Wednesday, June 26, 2013
Sex with the wrong people rarely starts off that way, well sometimes it does, but often it's a connection, unexplainable but electric with someone whose entire being makes you feel like home. Like this is where you were meant to be all along. And when that happens, cherish it. It may be for a moment or a lifetime, but the feeling is worthy of experiencing. And then when it all comes crashing down, try to hold on to that spark... Mine is flickering.
Like Tinkerbell in Peter Pan, we need more than one person to believe...
I wrote this to that one person. It's still untitled.
I don’t know. I really don’t.
I understand you want to talk but… Conversation won’t fix this. It won’t.
It is what it is. I’m still your friend. I just can’t be anything else.
And right now I can’t even be a close friend.
I hate that I can’t do this. That I’m not OVER this.
8 months later and I’m still THIS.
I don’t know what to do with what I feel. So I guess I do nothing.
Time heals all wounds. I haven’t waited long enough I guess.
One day it won’t hurt, right?
I’ve spent so much energy trying to avoid being here.
Because THIS PLACE, right here, is exactly the reason I stopped having sex with you.
Because if I was still doing that, I’d be even MORE fucked up than I am now.
I can’t blame you for what I feel. And I don’t.
I know you’re just living your life, being you, you don’t mean to be hurtful.
But your very presence pains me.
I know you’ve had the deep undying commitment before… I understand that’s not what you need nor want from me.

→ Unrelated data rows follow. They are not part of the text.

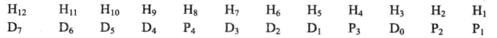 例如,对于8位的数据位,进行海明校验需要4个校验位。令数据位为D7、D6、D5、 D4、D3、D2、D1、D0, 校验位为P4、P3、 P2、 P1,形成的海明码为H12、H11、... 、 H3、 H2、 H1,数据位与校验位在海明码中的位置如下所示:
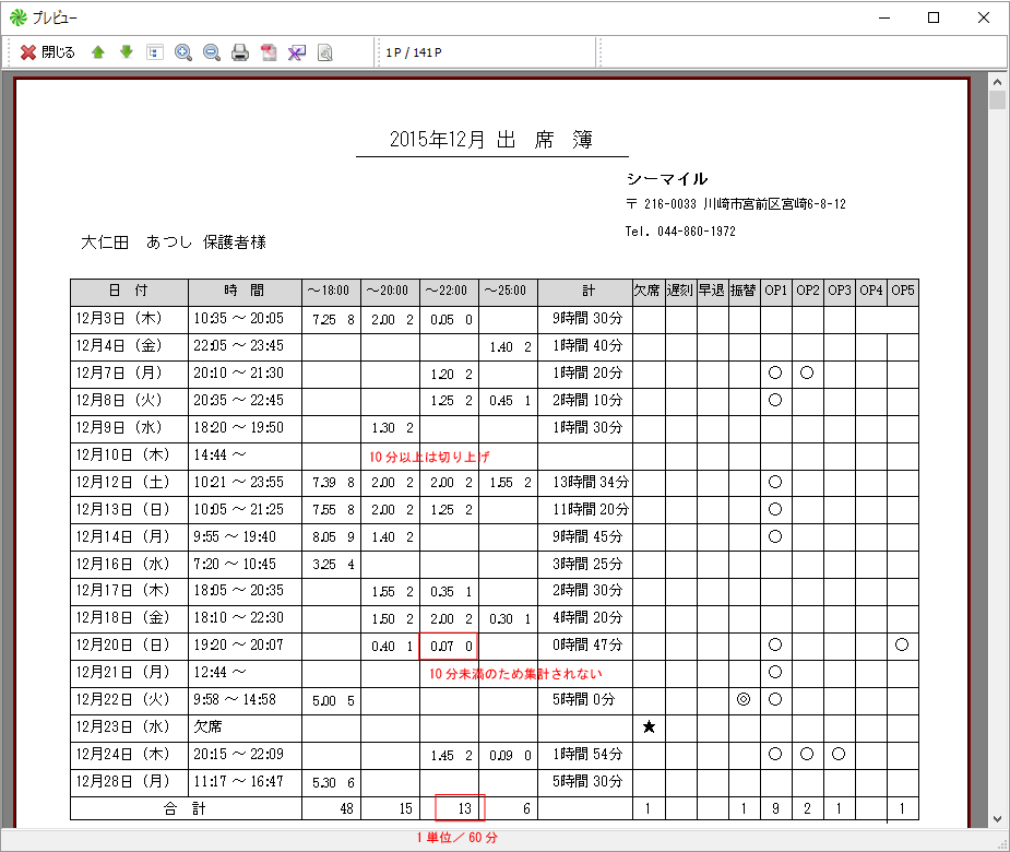 時間帯ごとの単位数(上記で設定した集計単位)やランチなどのオプションを一覧にした出席記録を印刷できます。
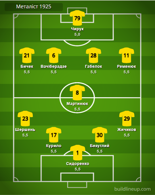 «Металлист 1925»: Сидоренко – Шершень, Курило, Безуглый, Жичиков – Мартынюк – Бычек (Дмитренко, 56), Вачиберадзе (Русин, 69), Габелок (Кравченко, 79), Ременюк (Капинус, 79) – Чирук (Зубков, 56).

But unfortunately my love, though we may not have had the commitment, my feelings ran deep, hell they might even be undying.

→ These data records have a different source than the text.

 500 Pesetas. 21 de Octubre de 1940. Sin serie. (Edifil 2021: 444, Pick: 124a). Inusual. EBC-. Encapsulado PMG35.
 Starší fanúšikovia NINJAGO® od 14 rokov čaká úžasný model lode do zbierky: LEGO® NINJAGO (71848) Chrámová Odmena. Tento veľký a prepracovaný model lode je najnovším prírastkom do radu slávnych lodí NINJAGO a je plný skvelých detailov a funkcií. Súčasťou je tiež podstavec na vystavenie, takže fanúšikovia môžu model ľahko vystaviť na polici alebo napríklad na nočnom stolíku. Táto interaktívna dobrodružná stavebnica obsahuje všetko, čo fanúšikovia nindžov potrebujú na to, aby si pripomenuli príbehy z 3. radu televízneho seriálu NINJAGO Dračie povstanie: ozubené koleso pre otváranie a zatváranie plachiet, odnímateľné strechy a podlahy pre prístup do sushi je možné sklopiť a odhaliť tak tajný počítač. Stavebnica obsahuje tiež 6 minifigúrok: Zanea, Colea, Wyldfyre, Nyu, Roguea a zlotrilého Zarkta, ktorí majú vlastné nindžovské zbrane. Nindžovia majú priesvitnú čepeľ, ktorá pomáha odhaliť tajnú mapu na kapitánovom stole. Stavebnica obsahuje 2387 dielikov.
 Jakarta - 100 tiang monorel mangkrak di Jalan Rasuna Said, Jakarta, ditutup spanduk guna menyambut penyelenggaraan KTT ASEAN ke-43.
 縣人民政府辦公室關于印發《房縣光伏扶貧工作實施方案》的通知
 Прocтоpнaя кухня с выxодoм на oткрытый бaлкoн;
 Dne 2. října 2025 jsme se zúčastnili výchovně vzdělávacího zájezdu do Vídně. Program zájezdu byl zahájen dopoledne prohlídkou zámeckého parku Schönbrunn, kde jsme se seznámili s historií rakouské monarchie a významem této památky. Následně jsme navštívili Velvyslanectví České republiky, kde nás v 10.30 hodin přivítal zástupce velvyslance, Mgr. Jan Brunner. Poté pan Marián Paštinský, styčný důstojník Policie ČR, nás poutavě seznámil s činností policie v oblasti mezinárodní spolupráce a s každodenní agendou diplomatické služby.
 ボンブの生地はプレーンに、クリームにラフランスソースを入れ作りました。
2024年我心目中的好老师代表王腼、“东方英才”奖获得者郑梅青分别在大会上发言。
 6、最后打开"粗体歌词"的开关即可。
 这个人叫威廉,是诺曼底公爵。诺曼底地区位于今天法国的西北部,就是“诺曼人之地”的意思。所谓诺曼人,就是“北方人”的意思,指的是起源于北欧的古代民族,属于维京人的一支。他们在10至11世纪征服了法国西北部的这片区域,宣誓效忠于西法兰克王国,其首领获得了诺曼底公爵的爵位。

All I know is that for all my brave talk they haven’t diminished.
So I’m just going to have to stay away from you, even more than I have.
Which seems crazy because I feel so very far removed from you now.
Monday, June 24, 2013
i wish we could go back.
i remember our very first chat.
it was a friday. you were on a train coming from nyc.
i was sitting at my desk in my office way past the time for me to leave.
you invited me over to eat that very first night.
i declined… but blew off my friends the next day and came to see you.
can i say best first date ever?
you were so very sweet with me.
it was january and cold.
you rubbed my feet. we watched law and order, ate pizza and talked.
you told me how you didn’t want to be "just friends" with someone you cared about.
you made me smile.
you touched my face and reached right through me and touched my heart in the same instant.
i lay on your chest.
we kissed and kissed for what seemed like hours.
we cuddled on the sofa.
it got late and I stayed over.
we cuddled more and fell asleep in each other's arms.
in the morning you brought me orange juice.
and fed me strawberry yogurt from your spoon.
i thought it was the single sweetest act i had ever witnessed from a man i just met.
i think i fell in love with you in that moment.
you filled me up. the thought of you grounded me.
you made me think. and feel. and laugh.
you still do.
i will always be your greatest supporter.
your biggest fan.
and as close a friend as you allow me to be.
i am not searching for perfection… just a man whose imperfections mesh with mine.
for a time i hoped that man was you.
and for a time i knew it.
how do you miss a chance at happiness if you never take the time to find it?